Why does the Linux kernel use circular doubly linked lists to store the lists of processes?

2.5k Views Asked by At

The Linux kernel stores the lists of processes in a circular doubly linked lists, called the task list. What is the reason behind it? Why was circular doubly linked lists used? What is the advantage of using this data structure? What were the creators trying to achieve by using this data structure?

4

There are 4 best solutions below

0
On BEST ANSWER

Flexibility, so if you know for example what you're searching for is probably behind you you can use the list_for_each_entry_reverse macro instead of the usual forward one.

"you use linked lists when iterating over the whole list is important and the dynamic addition and removal of elements is required ... Using this type of linked list provides the greatest flexibility"

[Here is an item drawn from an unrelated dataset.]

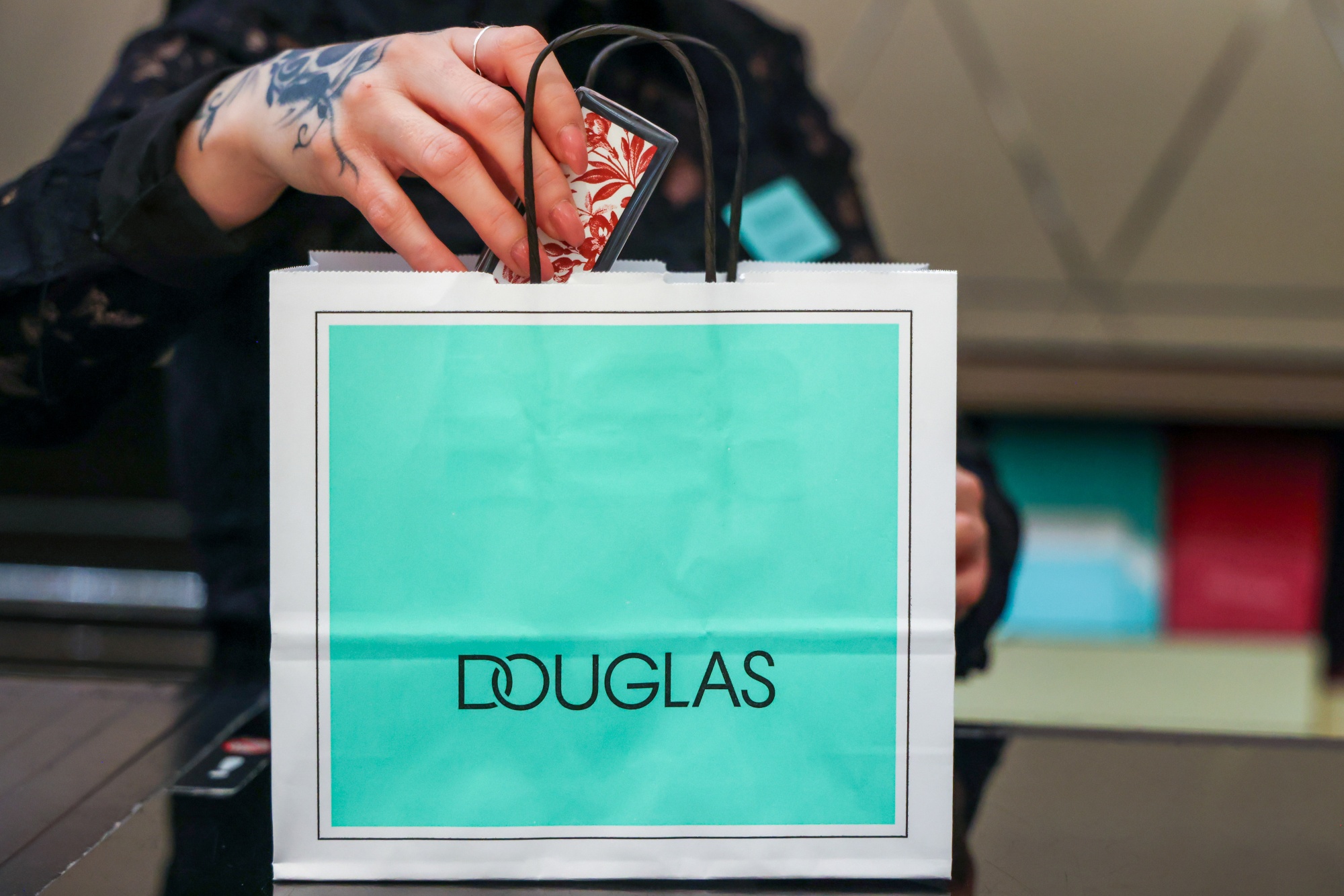 一名员工在德国法兰克福的道格拉斯商店为顾客将购买的物品放入袋子中

and no duplication of code

"In the old days, there were multiple implementations of linked lists in the kernel. A single, powerful linked list implementation was needed to remove duplicate code. During the 2.1 kernel development series, the official kernel linked-list implementation was introduced."

Source: Robert Love. "Linux Kernel Development" (3rd Edition). p.87-94

2
On

In most cases, the task list is not used at all. The kernel reaches task structures through e.g. a pointer in the thread_info structure (and it gets to the latter through the stack pointer) or through current_task, a global pointer to (ahem) the current task.

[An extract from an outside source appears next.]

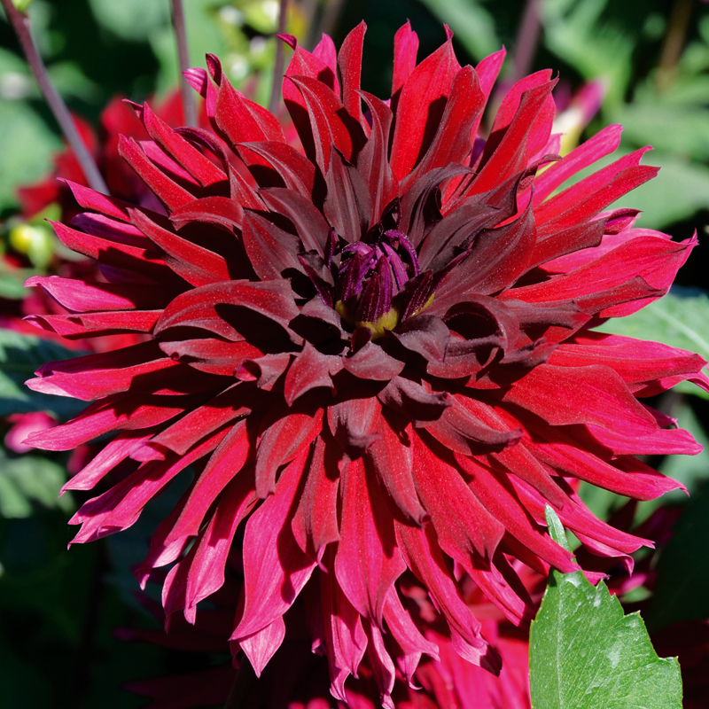 Le Dahlia cactus nain Leslie mesure environ 65 cm de hauteur et produit de belles fleurs rouge grenat très intenses d’environ 12 cm de diamètre. Il convient aussi bien en pots qu’en massifs. Planté au jardin il vous permettra de jouer sur les hauteurs avec des variétés hautes et des bulbes divers plus petits. Cultivé en grands pots, il vous permettra de colorer vos balcons ou terrasses. Vous pouvez l’associer à des fleurs de couleur pêche ou saumonée, comme avec le Dahlia ‘Pomme d’Amour’ ou encore le canna nain ‘Gnom’.

It is only when the task list needs to be traversed (a rare and inherently inefficient operation because the task list is of variable length, so it can grow to hundreds of thousands or even millions of entries on a large machine) that the linked list is used. In that case, it is convenient to start at any point in the list and keep going until you get back to the place where you started from (i.e. a circular list). Why it is doubly linked, I don't know for sure, but I imagine the link only adds a few bytes to an already large structure and the flexibility of traversing it either way was worth that. EDIT: actually, as @thrig points out in another answer, the reason is that there is one implementation of linked lists in the kernel that everybody uses (no weird bugs because somebody used their own) and that happens to be a doubly-linked list implementation, precisely because some users of it will want the flexibility.

0
On

The reason to have a list of objects (such as processes) some form is that sometimes the kernel needs to enumerate all these objects, i.e. to go through each of them in turn. This means there must be a way to find all the objects of this type. If objects can be created and removed one at a time then a linked list is the simplest solution.

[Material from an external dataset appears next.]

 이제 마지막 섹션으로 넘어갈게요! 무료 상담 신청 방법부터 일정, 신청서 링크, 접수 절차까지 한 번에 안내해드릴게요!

The list needs to be doubly linked in order to support removing an object. When removing an object, the code needs to update all the pointers that point to this object. Therefore the object needs to contain a pointer to all the other objects that point to it (or at least there needs to be a chain of pointers starting at the object itself). With a singly-linked list, to remove B from A→B→C, there's no way to discover the A whose pointer needs to be updated, short of going through all objects until the right one is found. With a doubly-linked list, to remove B from A↔B↔C, you follow the pointer from B to A and change A's pointer to B to point to C instead, and likewise with C.

0
On

As Gilles points out, sometimes the kernel needs to loop through all the processes (for example, when handling kill(-1, sig), which sends sig to every process for which the calling process has permission to send signals, except for process 1 — see kill(2)).  I haven’t looked at this code in a long time; but, in the early versions of Unix, the process table was an array — some fixed number of contiguous proc structs (sometimes called “process slots”).  For example, the look-at-all-processes loop might have looked something like this:

for (i = 0; i < PROC_MAX; i++)          // This would probably really have started with i = 1
{                                       // so as not to look at proc[0], i.e., PID 1.
    if (proc[i].flags & IS_AN_ACTIVE_PROCESS)
        do something with the process
}

so it would have had to look at PROC_MAX (potentially thousands) process slots just to find ones that had an actual process in them — possibly a much smaller number.  Putting the processes into a linked list allows the kernel to do something with each process without have to search through a cavernous process table.

Also, if everything is held together with linked lists, it becomes feasible to have a dynamically sized process table.  If/when the initial default static process table gets full, just allocate some more (non-contiguous) memory and link them together.


P.S. I believe that there are probably multiple process lists:

  • an overall one,
  • one for processes that are runnable (in a “run” state),
  • one for processes that are actually currently running on (at least) one processor,
  • one for processes that are waiting for an event (e.g., completion of an I/O request),
  • etc.

In the Dark Ages (30 years ago), whenever a user pressed Enter (called Return back then), the kernel might have had to search through the 1000-entry-long process table to find the process(es) waiting for input from that tty.